*Supplied material*:
--- START ---
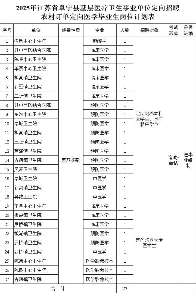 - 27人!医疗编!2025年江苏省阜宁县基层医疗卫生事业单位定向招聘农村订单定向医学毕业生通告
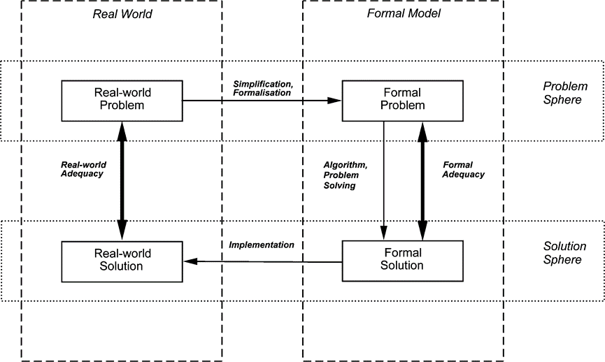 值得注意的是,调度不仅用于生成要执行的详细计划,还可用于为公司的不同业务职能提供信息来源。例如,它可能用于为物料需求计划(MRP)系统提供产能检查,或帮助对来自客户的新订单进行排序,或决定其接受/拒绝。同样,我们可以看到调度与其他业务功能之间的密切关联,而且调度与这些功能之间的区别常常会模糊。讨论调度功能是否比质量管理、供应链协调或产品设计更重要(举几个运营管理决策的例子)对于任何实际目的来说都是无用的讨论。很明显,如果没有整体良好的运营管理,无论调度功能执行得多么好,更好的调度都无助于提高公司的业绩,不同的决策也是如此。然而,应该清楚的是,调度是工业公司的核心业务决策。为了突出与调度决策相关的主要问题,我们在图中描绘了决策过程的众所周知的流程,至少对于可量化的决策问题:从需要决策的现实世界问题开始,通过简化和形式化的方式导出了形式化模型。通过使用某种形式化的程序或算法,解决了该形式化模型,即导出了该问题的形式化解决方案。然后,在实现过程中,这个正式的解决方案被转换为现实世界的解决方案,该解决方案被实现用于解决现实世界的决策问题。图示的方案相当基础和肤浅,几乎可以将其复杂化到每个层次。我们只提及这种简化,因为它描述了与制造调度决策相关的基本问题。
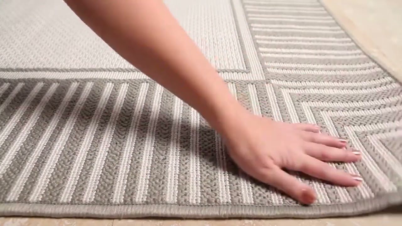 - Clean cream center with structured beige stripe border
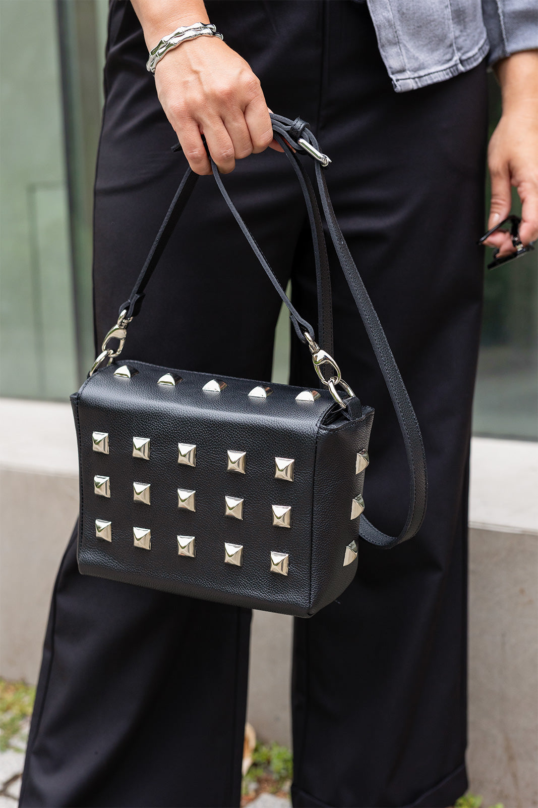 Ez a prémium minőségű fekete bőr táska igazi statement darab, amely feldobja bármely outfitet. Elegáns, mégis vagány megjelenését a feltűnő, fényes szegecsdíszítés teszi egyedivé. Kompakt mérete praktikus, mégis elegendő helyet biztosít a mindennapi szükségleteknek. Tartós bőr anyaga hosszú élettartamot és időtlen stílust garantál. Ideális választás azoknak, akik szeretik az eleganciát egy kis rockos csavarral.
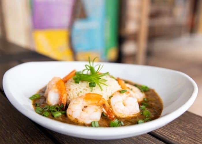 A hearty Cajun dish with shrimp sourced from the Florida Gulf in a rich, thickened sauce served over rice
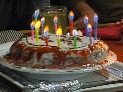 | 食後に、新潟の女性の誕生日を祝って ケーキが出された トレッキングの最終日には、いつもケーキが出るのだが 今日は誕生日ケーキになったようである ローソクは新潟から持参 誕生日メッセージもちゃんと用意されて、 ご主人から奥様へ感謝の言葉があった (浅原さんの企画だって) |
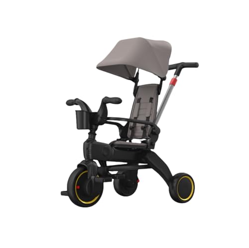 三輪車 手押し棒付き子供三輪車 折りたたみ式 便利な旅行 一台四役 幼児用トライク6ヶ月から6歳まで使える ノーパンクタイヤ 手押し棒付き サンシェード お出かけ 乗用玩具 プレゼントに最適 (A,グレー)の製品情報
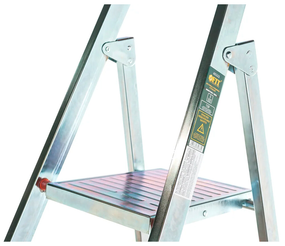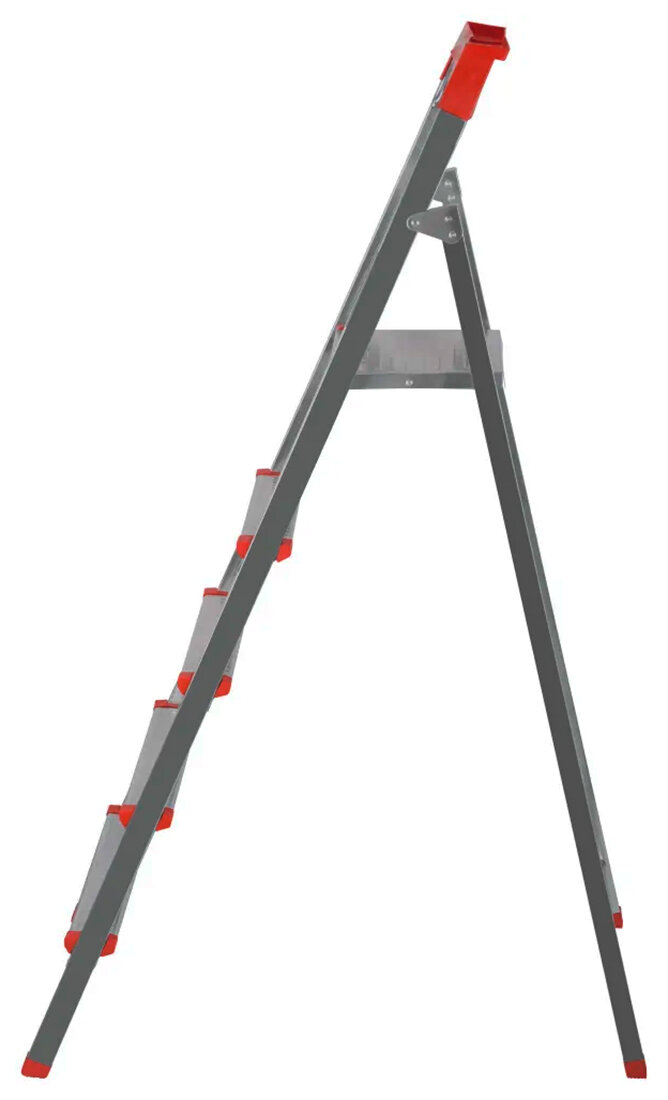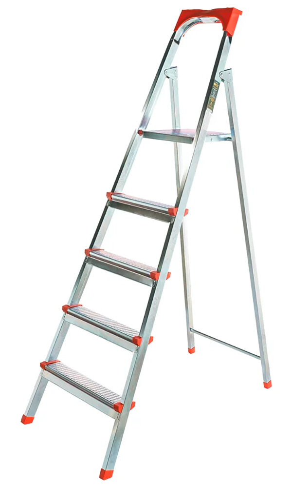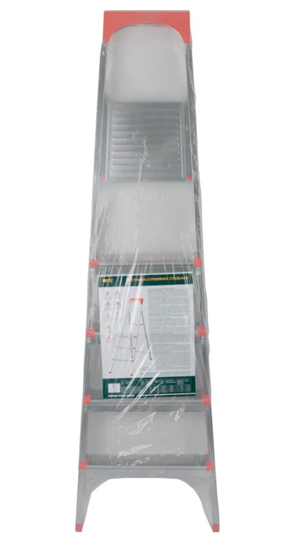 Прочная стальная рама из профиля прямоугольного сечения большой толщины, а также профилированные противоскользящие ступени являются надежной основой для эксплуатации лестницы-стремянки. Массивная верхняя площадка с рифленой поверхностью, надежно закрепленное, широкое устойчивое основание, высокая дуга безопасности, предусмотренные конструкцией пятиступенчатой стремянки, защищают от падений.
--- END ---
--- START ---
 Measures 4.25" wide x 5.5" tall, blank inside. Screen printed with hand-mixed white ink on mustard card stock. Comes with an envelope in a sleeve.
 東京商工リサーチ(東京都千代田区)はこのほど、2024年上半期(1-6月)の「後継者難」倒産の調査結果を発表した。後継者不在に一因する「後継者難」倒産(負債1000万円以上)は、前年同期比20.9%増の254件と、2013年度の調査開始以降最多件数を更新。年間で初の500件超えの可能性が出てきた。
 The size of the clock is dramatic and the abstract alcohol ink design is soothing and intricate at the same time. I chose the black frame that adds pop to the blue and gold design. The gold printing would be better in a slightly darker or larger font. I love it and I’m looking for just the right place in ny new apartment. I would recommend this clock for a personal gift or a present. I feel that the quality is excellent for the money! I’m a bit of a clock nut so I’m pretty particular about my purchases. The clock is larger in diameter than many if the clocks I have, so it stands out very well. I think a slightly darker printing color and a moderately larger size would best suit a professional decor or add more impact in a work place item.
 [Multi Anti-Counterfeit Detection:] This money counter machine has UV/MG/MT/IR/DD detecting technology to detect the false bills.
--- END ---
*Task goal*: Every line of the listing that includes "money" must be shown.

*Answer for the task*:
 The size of the clock is dramatic and the abstract alcohol ink design is soothing and intricate at the same time. I chose the black frame that adds pop to the blue and gold design. The gold printing would be better in a slightly darker or larger font. I love it and I’m looking for just the right place in ny new apartment. I would recommend this clock for a personal gift or a present. I feel that the quality is excellent for the money! I’m a bit of a clock nut so I’m pretty particular about my purchases. The clock is larger in diameter than many if the clocks I have, so it stands out very well. I think a slightly darker printing color and a moderately larger size would best suit a professional decor or add more impact in a work place item.
 [Multi Anti-Counterfeit Detection:] This money counter machine has UV/MG/MT/IR/DD detecting technology to detect the false bills.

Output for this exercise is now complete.